Peter Mandelson launched a four-letter tirade at journalists, the House of Commons has been told. The MP who revealed the incident, SNP Westminster leader Stephen Flynn, earned a mild telling-off from the Commons Deputy Speaker after he quoted Lord Mandelson’s outburst in full, complete with the bad language.
Parliament is holding a debate on the appointment of Lord Mandelson as the UK’s ambassador to the US. Lord Mandelson resigned last week after new revelations emerged about his friendship with convicted sex offender Jeffrey Epstein, but Mr Flynn said it was no secret that the pair were close even when the appointment was made.
Mr Flynn said: “It is the Prime Minister who chose to ignore the facts that were plainly in front of him, not for weeks, not for hours, not for days, but for months. He was the man who appointed Peter Mandelson to be the ambassador to the United States, the man who said to an FT journalist earlier this year to f*** off, his quote not mine, because he was being inquired about his relationship with Jeffrey Epstein.”
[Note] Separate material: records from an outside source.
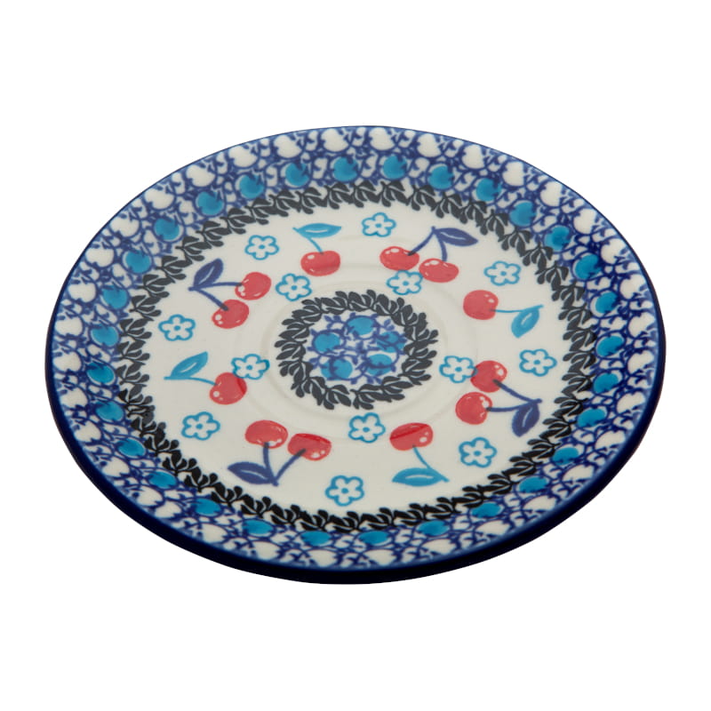 Wzór CZEREŚNIOWY SAD - czerwone czereśnie z niebieskim listkiem. Niebiesko-czarny roślinny ornament wokół. Wykończenie obrzeża w kolorze granatowym. Ceramika Bolesławiec - Handmade.
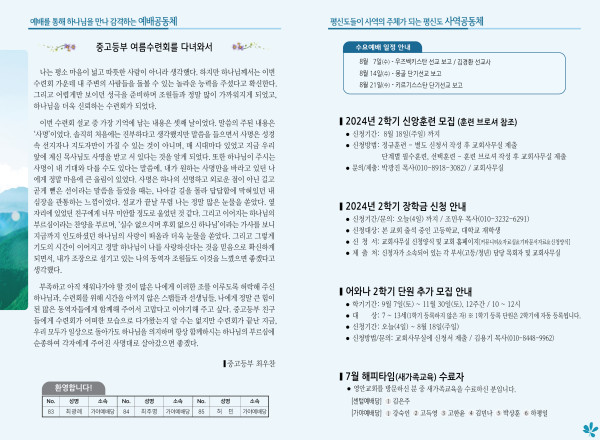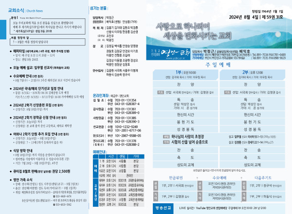 2024년 8월 4일 주보 (센텀예배당) 페이지 정보 작성자 관리지기 작성일24-08-03 11:23 조회2,747회 댓글0건 관련링크 목록 본문 2024년 8월 4일 주보 (센텀예배당) 댓글목록 등록된 댓글이 없습니다. 목록
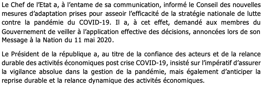 Le président @Macky_Sall a mené cette guerre contre le coronavirus de la plus belle des manières. Il a épargné les entreprises d’une banqueroute et les salariés d’un chômage technique. Les autres entités de la république ont également été prises en compte dans le PRES... bravo
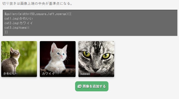 #gallery([オプション]){{
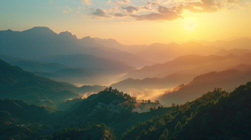 cinematic scene, wide shot, bird’s eye angle, golden hour, mountains, with a lot of fog between mountains, Canon EOS 5D Mark IV, --ar 16:9 --style raw --v 6.0

Mr Flynn continued: “The greatest scandal of all is the fact that the Prime Minister of the United Kingdom appointed a man to that role, knowing that man had maintained a relationship with Jeffrey Epstein, who had been convicted in 2008 in Florida.” Mr Flynn said it was known that Epstein was convicted for sex offences involving 14-year-old girls.
Commons Deputy Speaker Nusrat Ghani allowed Mr Flynn to finish his speech but then reminded MPs that children were watching the proceedings from the visitors gallery of the Commons. She told MPs: “There are children in the Gallery, let’s keep our language tempered, make sure we are being moderate in everything that we say.”
The Prime Minister’s standing has been “diminished” by the appointment of Lord Peter Mandelson, a former Tory cabinet minister has said, as he opened a debate into the circumstances around his dismissal.
Sir David Davis, the Conservative former Brexit secretary who called the emergency debate in the House of Commons on the issue, said the Government needed to show transparency around Lord Mandelson’s appointment as ambassador to Washington DC, the vetting process, events around his sacking, and how to get more information on what happened.
During his opening speech, Plaid Cymru’s leader in Westminster, Liz Saville-Roberts (Dwyfor Meirionnydd) intervened to say: “The Prime Minister staked his special relationship with the US president on the diplomatic skills of an ambassador who had a special relationship with the world’s most notorious child sex offender.
“I’m sure he agrees with me, that the Prime Minister’s judgment and the UK’s presence on the world stage has been diminished by this affair?”
Sir David said: “There is no doubt she’s correct. Frankly I better try not to make this ad hominem about the ministers who made the decisions, you can make that decision later, as it were, but she’s right, it has diminished the standing of our Prime Minister, and I regret that.”
Dame Emily Thornberry, chairwoman of Parliament’s Foreign Affairs Committee, questioned whether those vetting Lord Peter Mandelson were told to “overlook” a “glaring national security and reputational risk”.
Ms Thornberry said her committee had called for Lord Mandelson to appear before them before his appointment but he had not appeared.
She said: “He would have faced a range of questions which would have highlighted issues that needed to be considered properly and couldn’t in the rush to appoint him, perhaps, have been overlooked in the way that it would seem to have been.”
She added: “The question is this, did the Cabinet Office miss the glaring red flag of Lord Mandelson’s relationship with Epstein, or did it fail to pass those concerns on.”
Ms Thornberry said career civil servants are regularly subjected to vetting tests, with many stories of appointments being delayed or prohibited because they studied abroad, married an Iranian, or were “simply born in Belfast”.
“Does having significant information in the public domain about your relationship with an internationally prolific child sex offender not raise more red flags than simply being born in Belfast? Is a civil servant a greater risk to this country because they are married to somebody who was born in the Middle East, or because they were close friends with Jeffrey Epstein?”